27 In the proceedings before the Registrar the plaintiff contended that it should have its costs up until at least 9 June 2021. One of the bases on which the defendant opposed a costs order was that it contended that the plaintiff was on notice of the breakdown of the relationship between Mr Caldow and the accountant from about 23 March 2021, the date of a letter sent from the defendant's solicitors to the plaintiff's solicitors, in which Mr Bilic hypothesised that the defendant's accountant had not drawn details pertaining to the financial position of the defendant to Mr Caldow's attention. However, in his affidavit of 27 April 2021, while Mr Bilic said that he was expressly instructed that the defendant had not received the statutory demand he also said, as a matter of candour, that the affidavit had been prepared in urgent circumstances and that his investigation into receipt of the demand was ongoing. The first direct evidence from Mr Caldow on the point was in his affidavit of 2 June 2021, which was supplemented by his affidavit of 9 June 2021. On 9 June 2021, the matter could not proceed due to the late service of the further Caldow affidavit. The defendant's counsel acknowledged that the defendant "may have some responsibility for any costs thrown away" on 9 June 2021. The Registrar ordered that the costs of 9 June 2021 be the plaintiff's costs in the cause.
28 Based on my review of the transcripts of the listings before the Registrar, the affidavits of Mr Bilac and Mr Caldow and the solicitors' affidavits in the present application, I am satisfied that the appropriate order is for the defendant to pay the plaintiff's costs of the proceedings.
29 Finally, I turn to the question of whether I should make a lump sum costs order.
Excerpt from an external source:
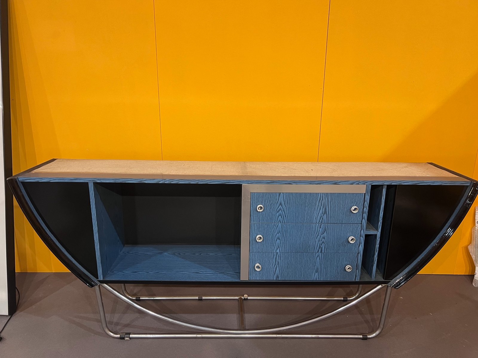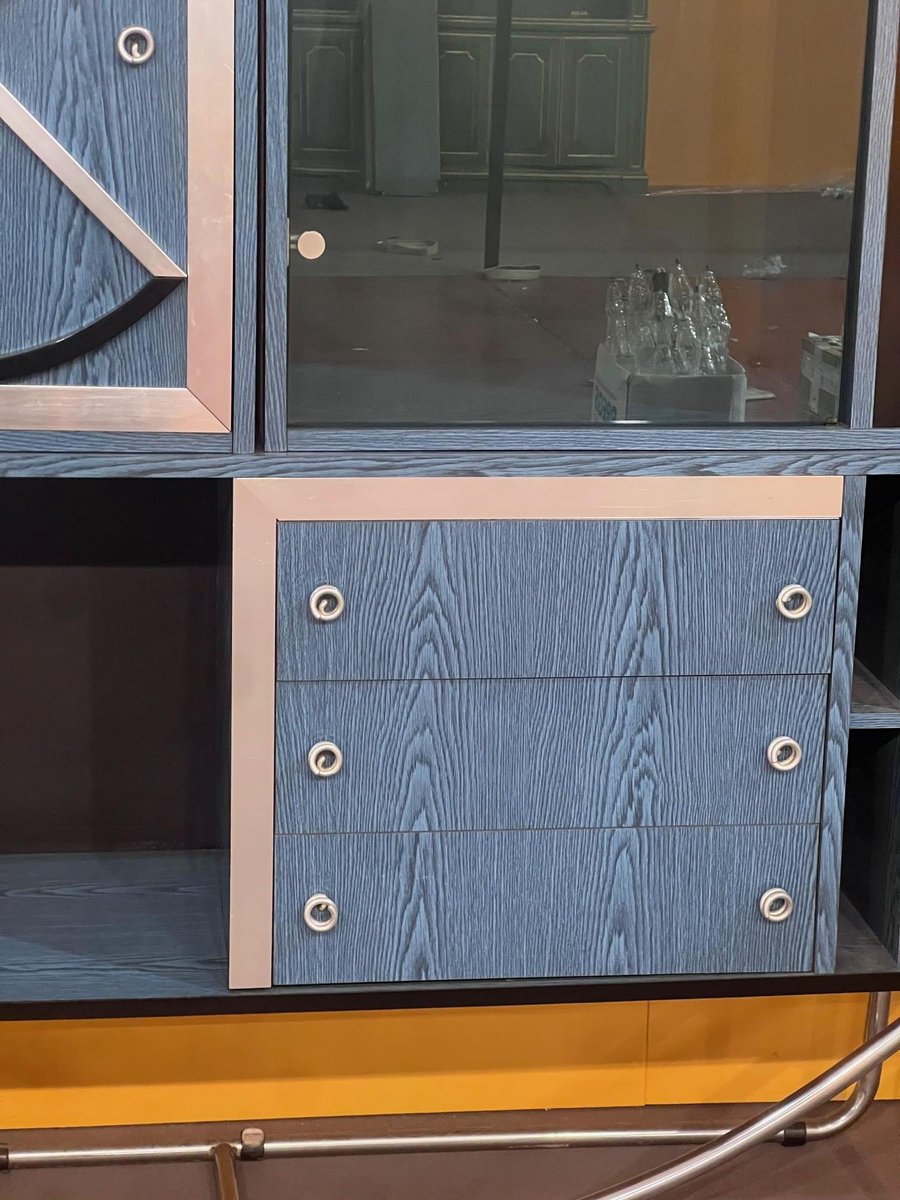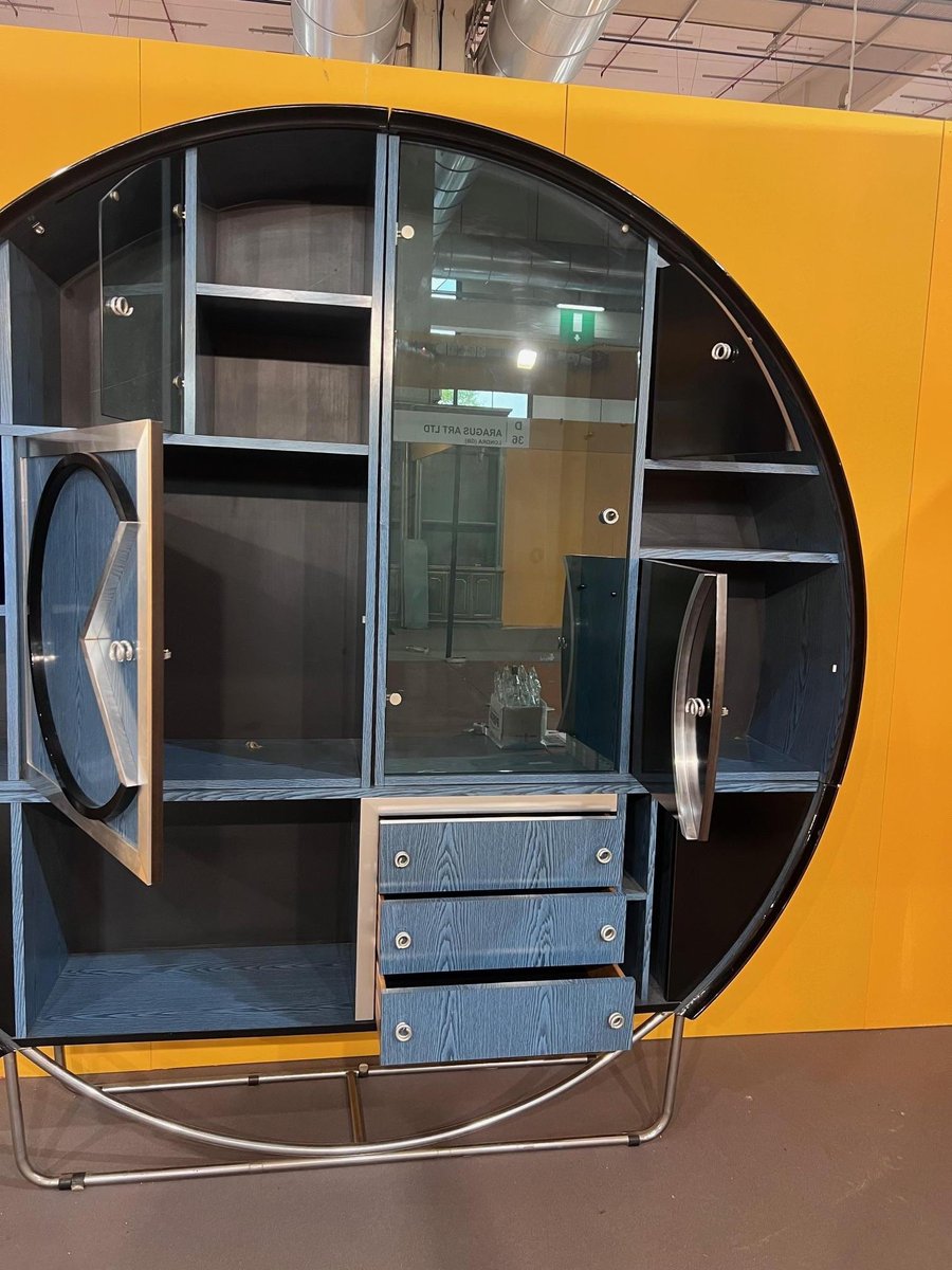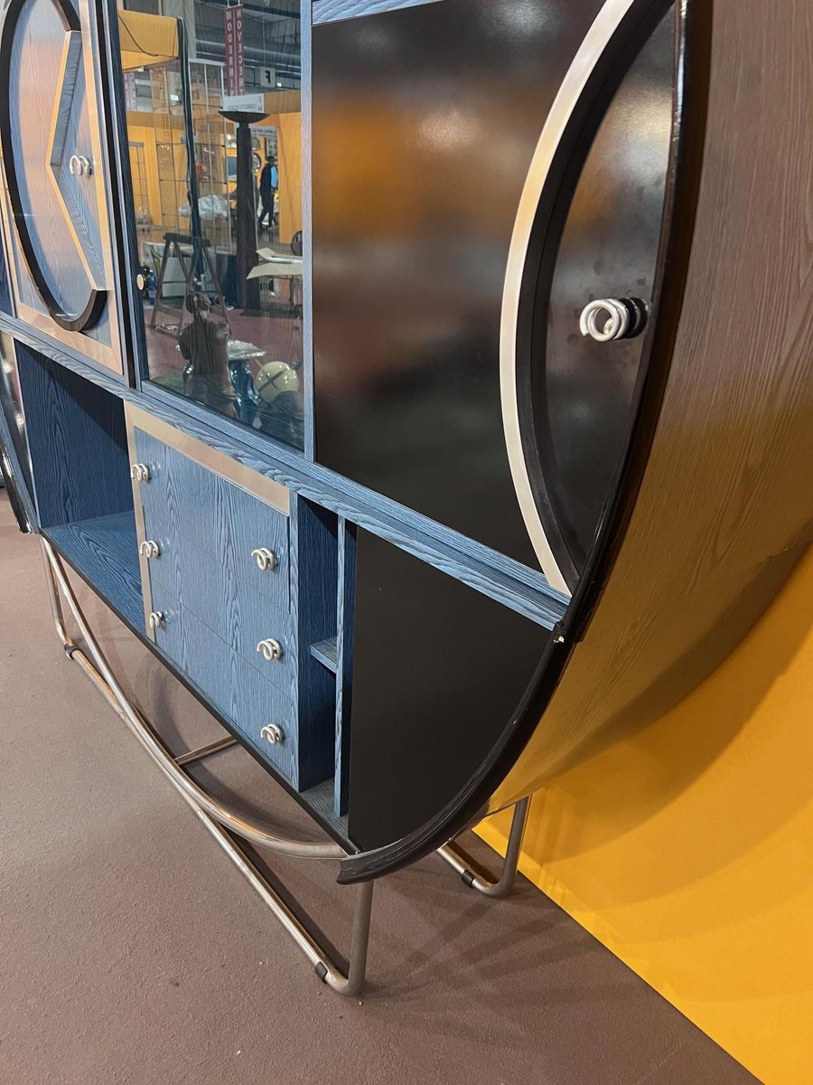 Large Round Geometric Bookcase in Wood, Metal and Glass, 1970s
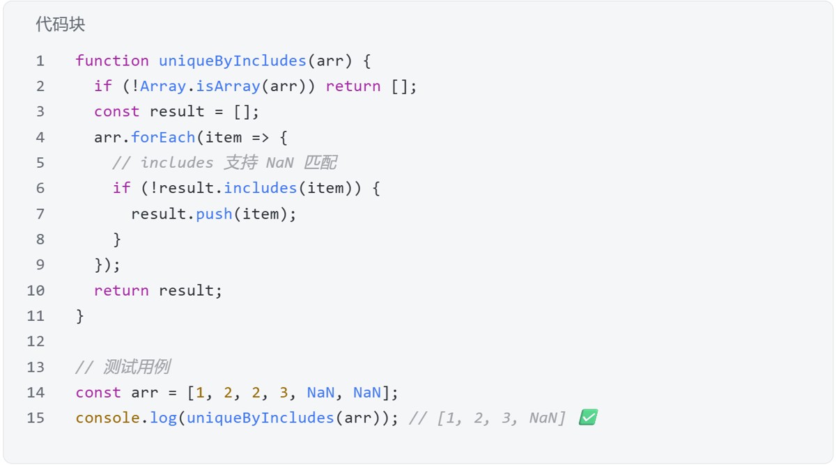 ❌ 缺点:效率低(O(n²))、兼容 ES7+(比 Set 兼容性稍差);

The procedure for determining the quantum of costs for a party successful at a final hearing should not be delayed and should be as inexpensive and efficient as possible. The Court's preference is to avoid, where possible, the making of costs orders that lead to potentially expensive and lengthy taxation of costs hearings through the use, inter alia, of lump-sum costs orders: GPN-Costs, 3.1 - 3.3.
30 In this case, I am satisfied that a lump sum costs order is appropriate. Applying the same methodology as the Registrar, which appears to me to be appropriate, I will increase the amount payable by the defendant to the plaintiff from $8,000 to $12,000 to allow for an additional $2,000 for the appearance of counsel on the 2 and 9 June 2021 and $2,000 for the plaintiff's costs incurred on this review application.
I certify that the preceding thirty (30) numbered paragraphs are a true copy of the Reasons for Judgment of the Honourable Justice Cheeseman.